Cycle detection beta
You can enable bidirectional dependencies across projects so these relationships can go in either direction, meaning that the jaffle_finance
project can add a new model that depends on any public models produced by the jaffle_marketing
project.
When setting up projects that depend on each other, it's important to do so in a stepwise fashion. Each project must run and produce public models before the original producer project can take a dependency on the original consumer project. For example, the order of operations would be as follows for a simple two-project setup:
- The
project_a
project runs in a deployment environment and produces public models. - The
project_b
project addsproject_a
as a dependency. - The
project_b
project runs in a deployment environment and produces public models. - The
project_a
project addsproject_b
as a dependency.
Tips and tricks
The implementation page provides more in-depth examples of how to split a monolithic project into multiple projects. Here are some tips to get you started when considering the splitting methods listed above on your own projects:
- Start by drawing a diagram of your teams doing data work. Map each team to a single dbt project. If you already have an existing monolithic project, and you’re onboarding net-new teams, this could be as simple as declaring the existing project as your “hub” and creating new “spoke” sandbox projects for each team.
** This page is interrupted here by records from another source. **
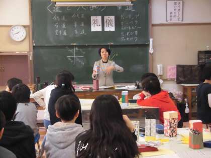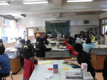 2月15日、5年生が華道体験を行いました。教科「日本語」の学習に「日本の伝統・文化に触れよう」という単元があります。「道」という言葉のつく伝統的な文化や、日本の伝統的な芸術や芸能について考えたり調べたり体験したりする学習です。華道体験はその学習の一環として行いました。いつもお世話になっている、花ボランティアとワンコインクラブの皆様のご協力をいただきました。今日のお花は「ガーベラ」「チューリップ」「忘れな草」「スイトピー」「クッカパラ」です。華道の基本的な部分を教えていただいた後は、子供たちの感性の豊かさの発揮です。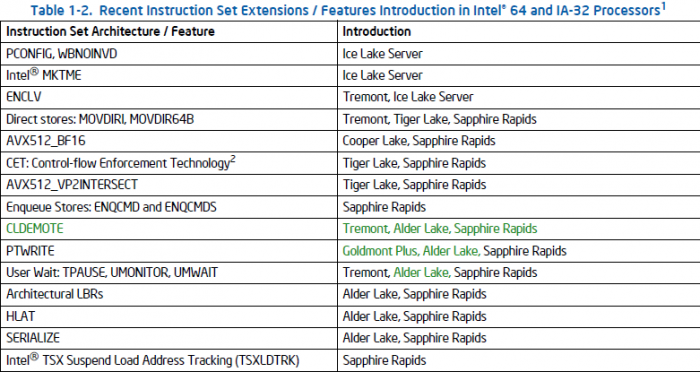 CLDEMOTE指令的支持范围很广,一个是Sapphire Rapids,也就是14nm Cooper Lake、10nm Ice Lake之后的再下一代数据中心至强,10nm工艺配新架构。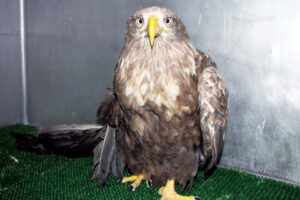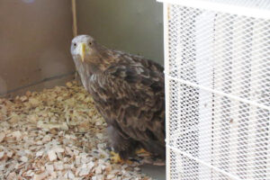残念ながらこのオジロワシは二度と野生に帰る事が出来ません。怪我の状態や負傷部位から、このワシは保護された場所の近くで車などと衝突した可能性が高いと思われます。現場を検証し、再発の防止につなげなければなりません。このワシを引き続き大切に飼育し、将来飼育下で繁殖を試みて代わりに子供を野生に返したり、傷ついた仲間を助ける供血ワシとして活躍してもらいたいと思っています。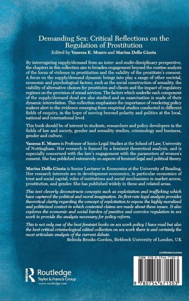 Introduction Editors' Introduction Vanessa E.Munro Marina DellaGiusta; Chapter 1 Legal Incursions into Supply/Demand JaneScoular MaggieO'Neill; Chapter 2 Be Helped or Else! Economic Exploitation Male Violence and Prostitution Policy in the UK JoPhoenix; Chapter 3 Wolfenden 50 SophieDay; Chapter 4 The Construction of Prostitutes and Clients in French Policy Debates GillAllwood; Chapter 5 Exploring Exploitation Vanessa E.Munro; Chapter 6 Putting Trafficking on the Map Sharron A. FitzGeraldMunro; Chapter 7 Simulating the Impact of Regulation Changes on the Market for Prostitution Services Marina DellaGiusta; Chapter 8 Client Participation and the Regulatory Environment AlanCollins GuyJudge; Chapter 9 Criminalising the Use of Trafficked Prostitutes DavidArchard; Chapter 10 Why Hate Men who Pay for Sex? Exploring the Shift to 'Tackling Demand' in the UK TeelaSanders RosieCampbell; Chapter 11 The Consumer the Consumed and the Commodity MadeleineCoy;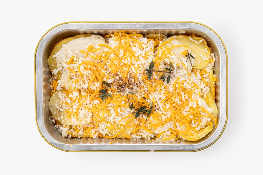 Аппетитный картофельный гратен — это уютное блюдо для семейного вечера. Его изюминка — три сорта сыра, каждый со своим характером: нежная сливочная моцарелла, пикантный пармезан и лёгкий чеддер с ореховыми нотами. Мы уже запекли картофель с чесноком и приготовили бешамель с мускатным орехом. Вам остаётся только доготовить продукт в духовке или микроволновой печи, чтобы сырная корочка растеклась по поверхности и зарумянилась. С этим набором вы легко создадите атмосферу французского бистро у себя дома.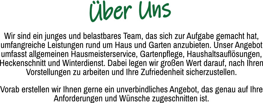 Wir sind ein junges und belastbares Team, das sich zur Aufgabe gemacht hat, umfangreiche Leistungen rund um Haus und Garten anzubieten. Unser Angebot umfasst allgemeinen Hausmeisterservice, Gartenpflege, Haushaltsauflösungen, Heckenschnitt und Winterdienst. Dabei legen wir großen Wert darauf, nach Ihren Vorstellungen zu arbeiten und Ihre Zufriedenheit sicherzustellen.
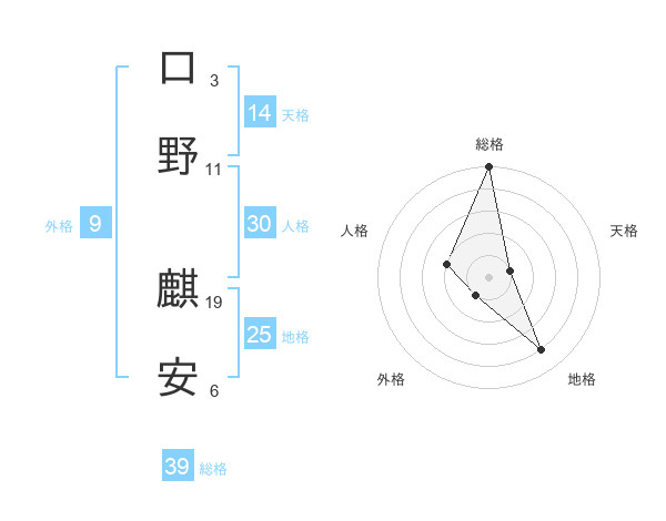 口野 麒安さんの総格は39画の5点!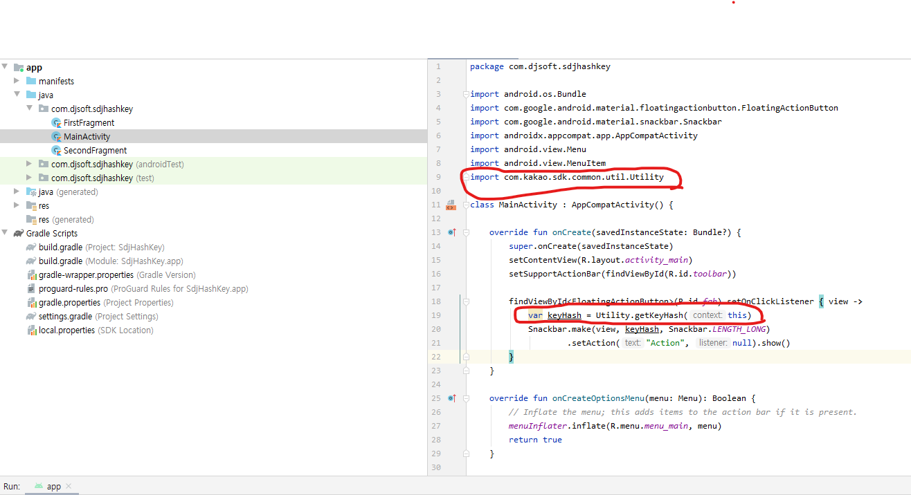 - 소스코드에 hashkey를 구하는 함수를 호출하여 hashkey를 구한다.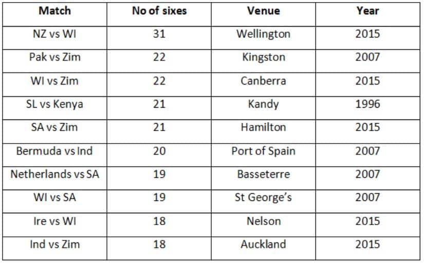 Most sixes hit in a World Cup match* The New Zealand vs West Indies encounter in 2015 World Cup was not a good day for the bowlers as 31 sixes were pummeled, which is nine more than the Pakistan vs Zimbabwe match in 2007 which is second on the list of most sixes hit in a World Cup match with 22 maximums.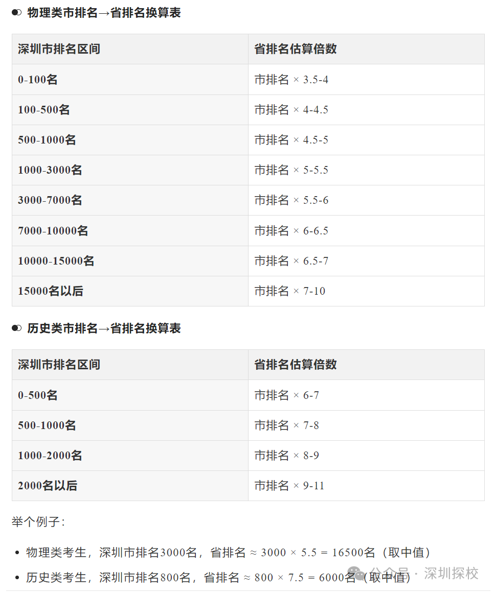 举例:物理类考生深一模市排名2000名,按5倍系数换算,省排名约10000名;历史类考生市排名800名,按7—8倍换算,省排名约5600—6400名。

- Split off common foundations when you know that multiple downstream teams will require the same data source. Those could be upstreamed into a centralized hub or split off into a separate foundational project. need some splits to facilitate other splits, for example, source staging models in A that are used in both B and C (lack of project cycles).
- Split again to introduce intentional friction and encapsulate a particular set of models (for example, for external export).
- Recombine if you have “hot path” subsets of the DAG that you need to deploy with low latency because it powers in-app reporting or operational analytics. It might make sense to have a different dedicated team own these data models (see principle 1), similar to how software services with significantly different performance characteristics often warrant dedicated infrastructure, architecture, and staffing.